▶ **WHAT THE EXERCISE ASKS**
In the listing below, locate the line containing "我们在1月6日报告《全球ri" and the line containing "Questo appartamento é". Output both of them and every line between, exactly as written, and nothing more.

▶ **SOURCE MATERIAL**
|---|

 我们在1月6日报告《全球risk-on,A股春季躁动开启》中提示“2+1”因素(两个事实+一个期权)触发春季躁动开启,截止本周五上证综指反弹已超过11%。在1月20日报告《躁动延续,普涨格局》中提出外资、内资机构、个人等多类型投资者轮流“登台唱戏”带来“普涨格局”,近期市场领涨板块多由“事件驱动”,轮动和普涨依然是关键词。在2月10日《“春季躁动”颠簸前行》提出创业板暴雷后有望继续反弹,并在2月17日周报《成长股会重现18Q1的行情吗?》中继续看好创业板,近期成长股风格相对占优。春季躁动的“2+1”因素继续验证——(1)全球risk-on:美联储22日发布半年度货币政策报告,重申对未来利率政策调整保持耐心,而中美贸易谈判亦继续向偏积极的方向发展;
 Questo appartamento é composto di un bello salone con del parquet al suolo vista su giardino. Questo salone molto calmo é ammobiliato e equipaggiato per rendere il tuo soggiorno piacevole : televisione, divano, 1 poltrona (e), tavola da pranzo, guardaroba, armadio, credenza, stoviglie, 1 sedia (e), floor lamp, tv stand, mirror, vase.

|---|

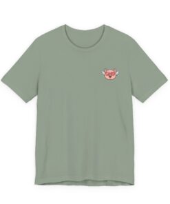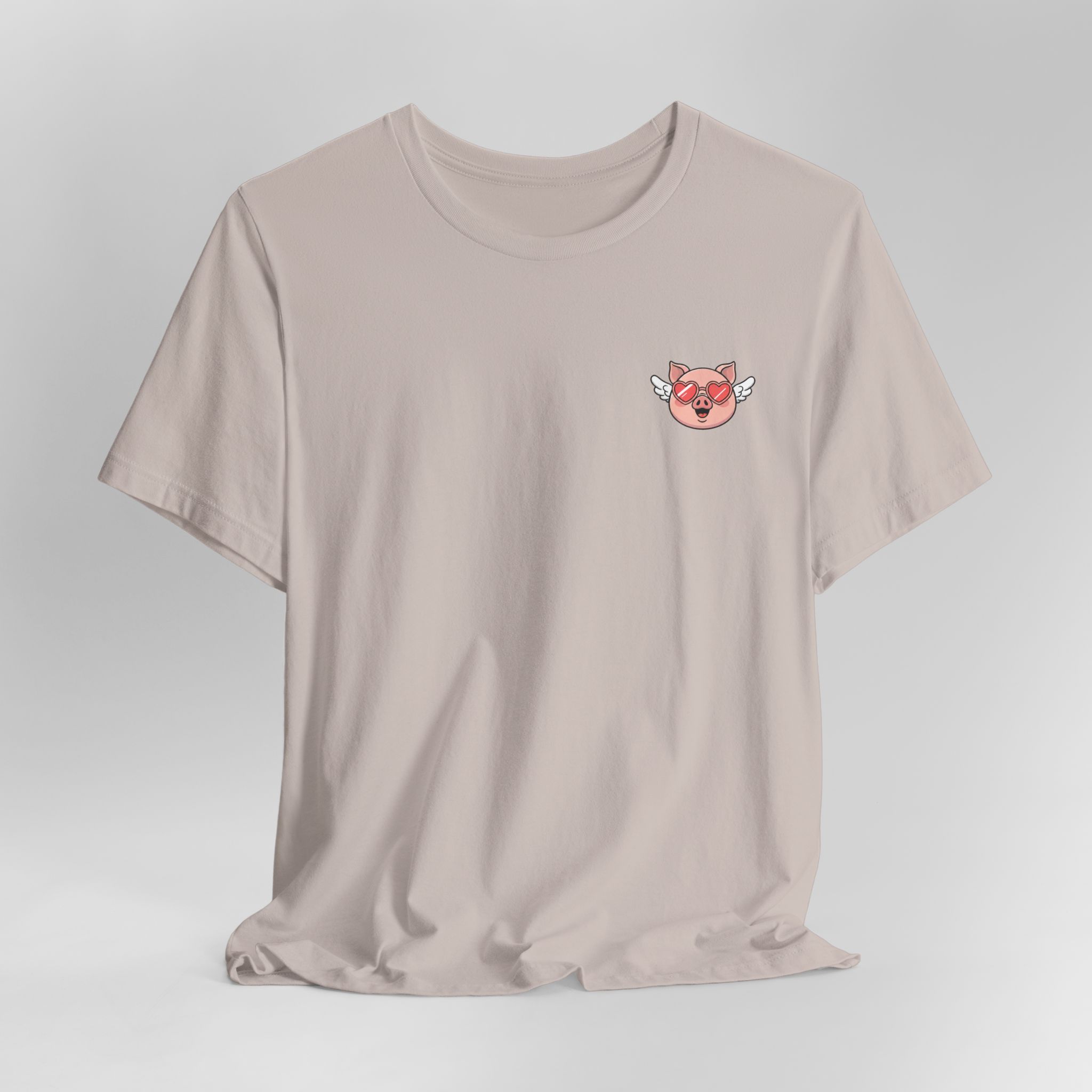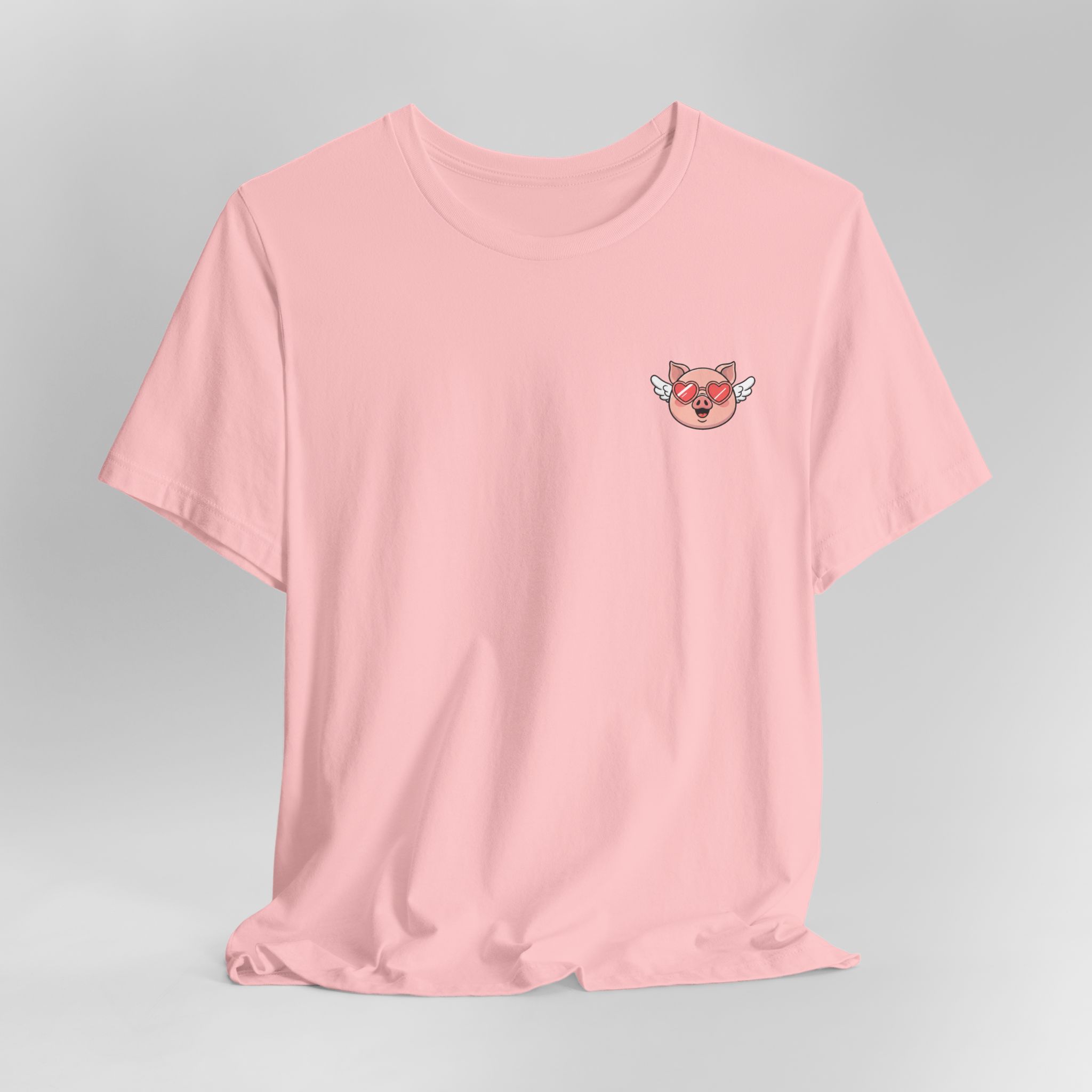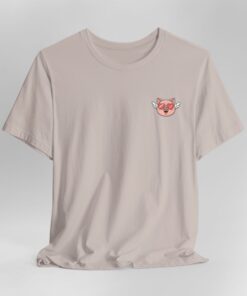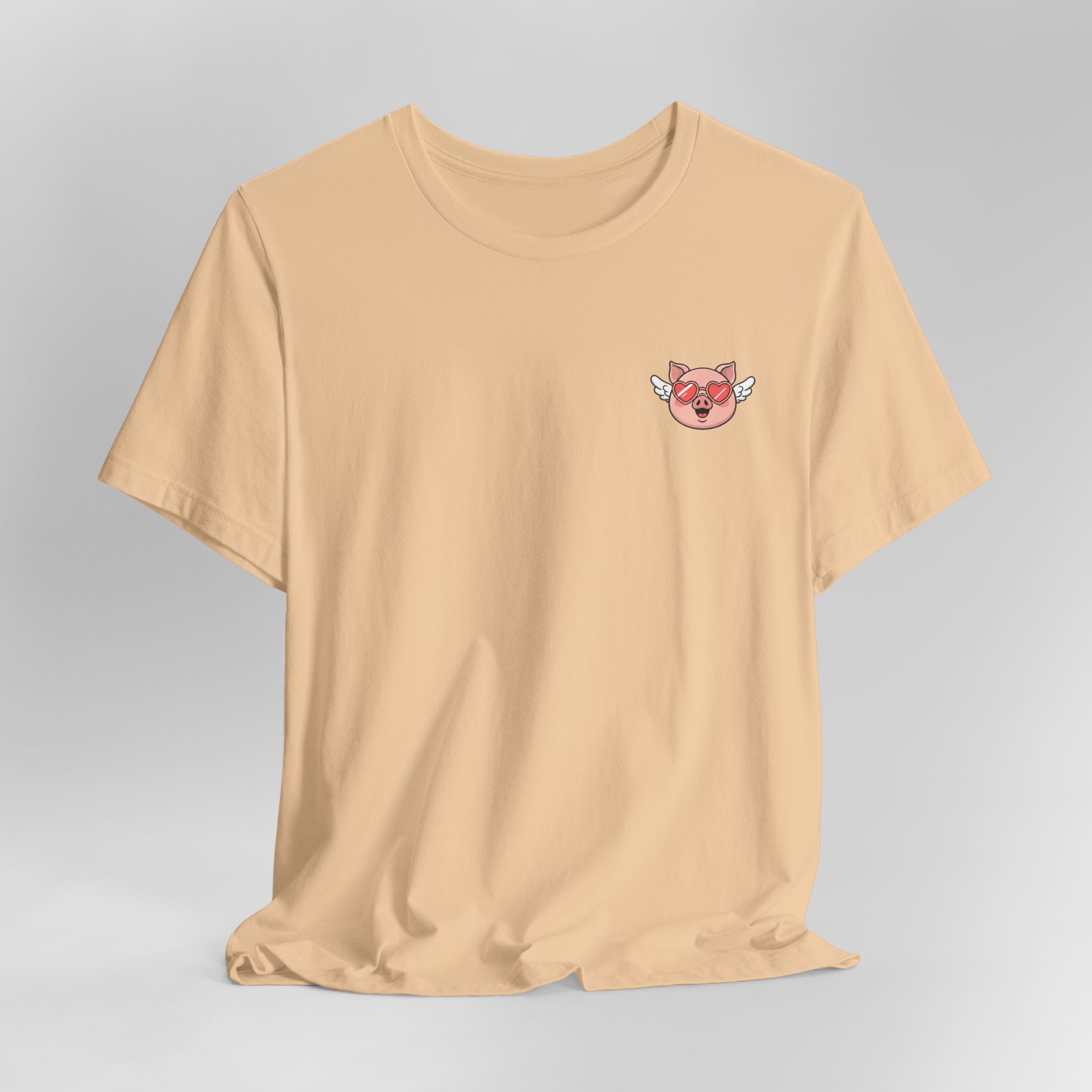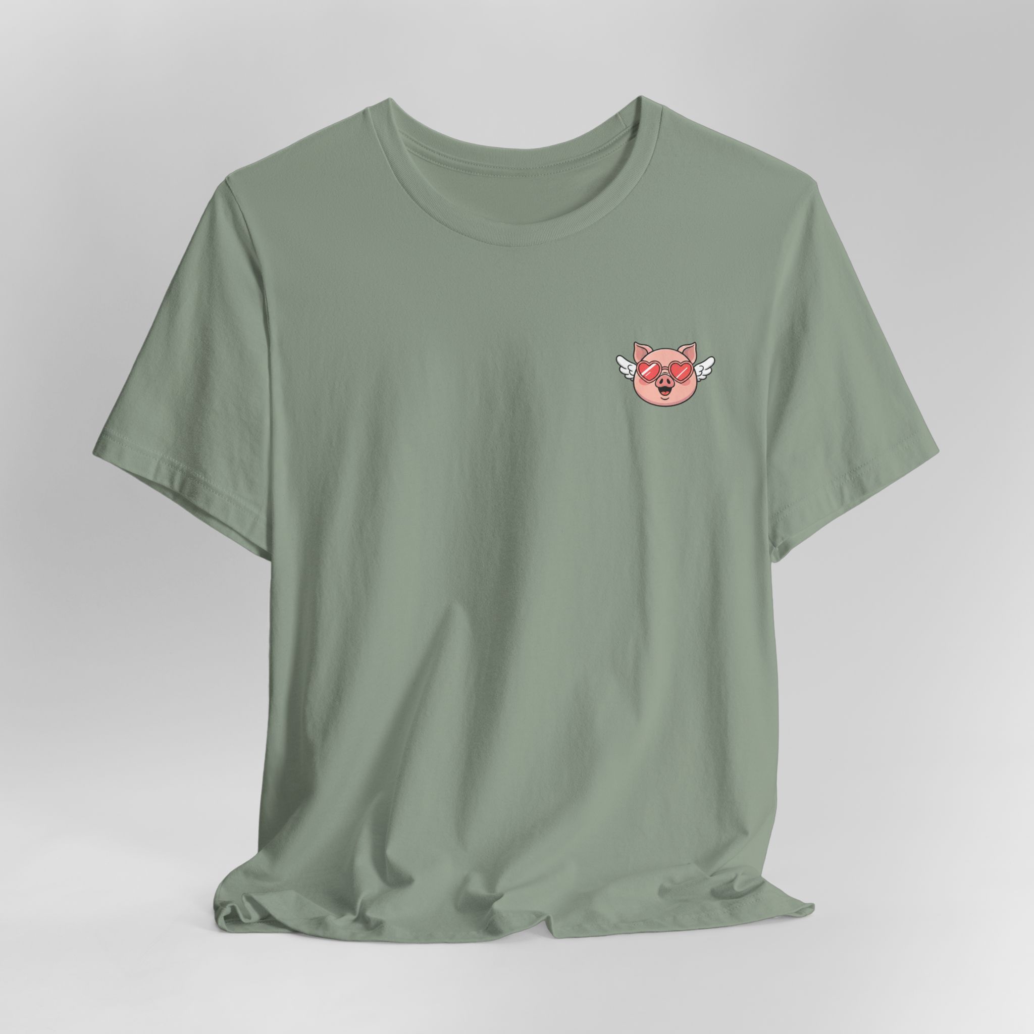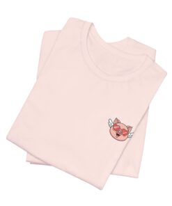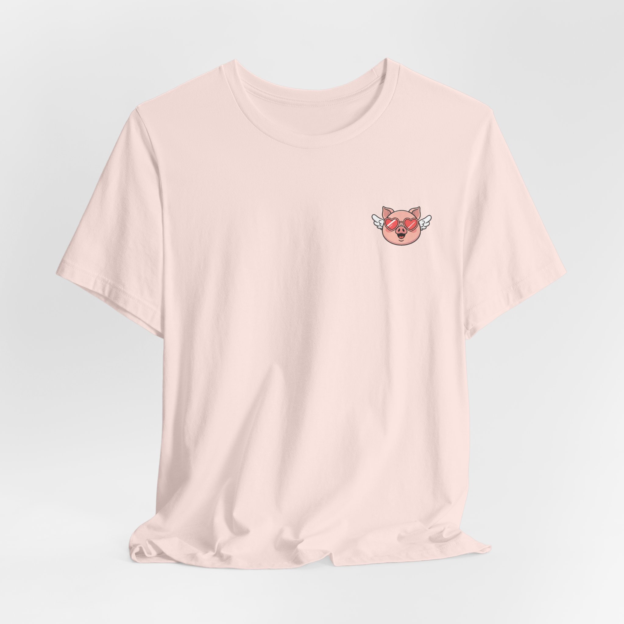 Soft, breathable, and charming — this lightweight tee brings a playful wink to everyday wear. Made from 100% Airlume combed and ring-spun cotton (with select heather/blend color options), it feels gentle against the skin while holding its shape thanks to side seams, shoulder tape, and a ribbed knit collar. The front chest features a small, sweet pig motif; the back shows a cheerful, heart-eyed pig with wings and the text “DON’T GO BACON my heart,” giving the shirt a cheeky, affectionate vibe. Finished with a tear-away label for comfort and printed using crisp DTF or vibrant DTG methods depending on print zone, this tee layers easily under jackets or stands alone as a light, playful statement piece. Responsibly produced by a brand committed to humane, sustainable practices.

|---|

▶ **EXPECTED ANSWER**
 我们在1月6日报告《全球risk-on,A股春季躁动开启》中提示“2+1”因素(两个事实+一个期权)触发春季躁动开启,截止本周五上证综指反弹已超过11%。在1月20日报告《躁动延续,普涨格局》中提出外资、内资机构、个人等多类型投资者轮流“登台唱戏”带来“普涨格局”,近期市场领涨板块多由“事件驱动”,轮动和普涨依然是关键词。在2月10日《“春季躁动”颠簸前行》提出创业板暴雷后有望继续反弹,并在2月17日周报《成长股会重现18Q1的行情吗?》中继续看好创业板,近期成长股风格相对占优。春季躁动的“2+1”因素继续验证——(1)全球risk-on:美联储22日发布半年度货币政策报告,重申对未来利率政策调整保持耐心,而中美贸易谈判亦继续向偏积极的方向发展;
 Questo appartamento é composto di un bello salone con del parquet al suolo vista su giardino. Questo salone molto calmo é ammobiliato e equipaggiato per rendere il tuo soggiorno piacevole : televisione, divano, 1 poltrona (e), tavola da pranzo, guardaroba, armadio, credenza, stoviglie, 1 sedia (e), floor lamp, tv stand, mirror, vase.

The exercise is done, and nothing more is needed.